Large deformation of trees in a strong wind

Abstract

Understanding the dynamic response of trees to a strong wind is crucial to alleviating the damages and losses of tree forests caused by windstorms. Previous studies have elucidated small deformations of a broad range of tree species, yet mathematical models that can accurately pinpoint the location and severity of wind-induced damages are still lacking. To bridge this gap, the present work puts forward the first geometrically accurate, physics-based model to capture large deformation of trees induced by a strong wind. The proposed model incorporates a branched tree architecture to represent the topology of a realistic tree.

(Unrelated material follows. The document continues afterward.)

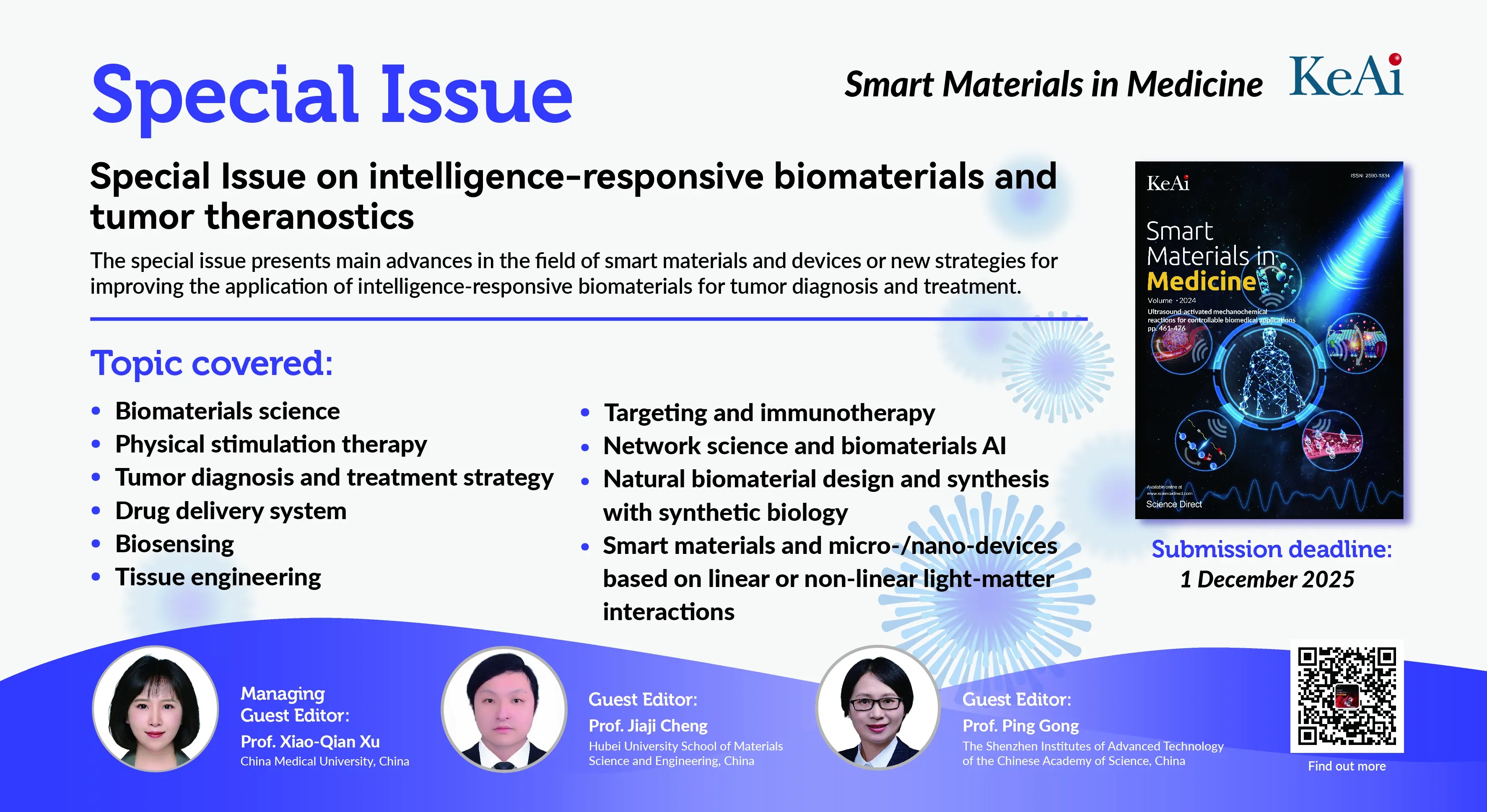 The issue accepts articles covering in vitro and in vivo evaluations, pre-clinical studies, clinical translation and applications of intelligence-responsive biomaterials especially in tumor theranostics. Manuscripts based on multidisciplinary contributions from scientists and clinicians are especially encouraged.

The large, dynamic deformation of the trunk and branches of the tree is described by a system of nonlinear partial differential equations derived from structural theories rooted in classical mechanics. The aerodynamic loading is quantified based on the instantaneous relative velocity between the wind and the tree. The proposed model could successfully reproduce the effects of aerodynamic damping by capturing the nonlinear interplays between the wind and the tree, in contrast to prior analytical models that relied on empirical assumptions of the damping coefficients. The model further reveals a reduction in the drag force due to wind-induced shape reconfiguration, which is enhanced exponentially as a function of the wind speed. The proposed modeling framework could aid in the development of novel forest management strategies to mitigate wind-induced economic and environmental losses.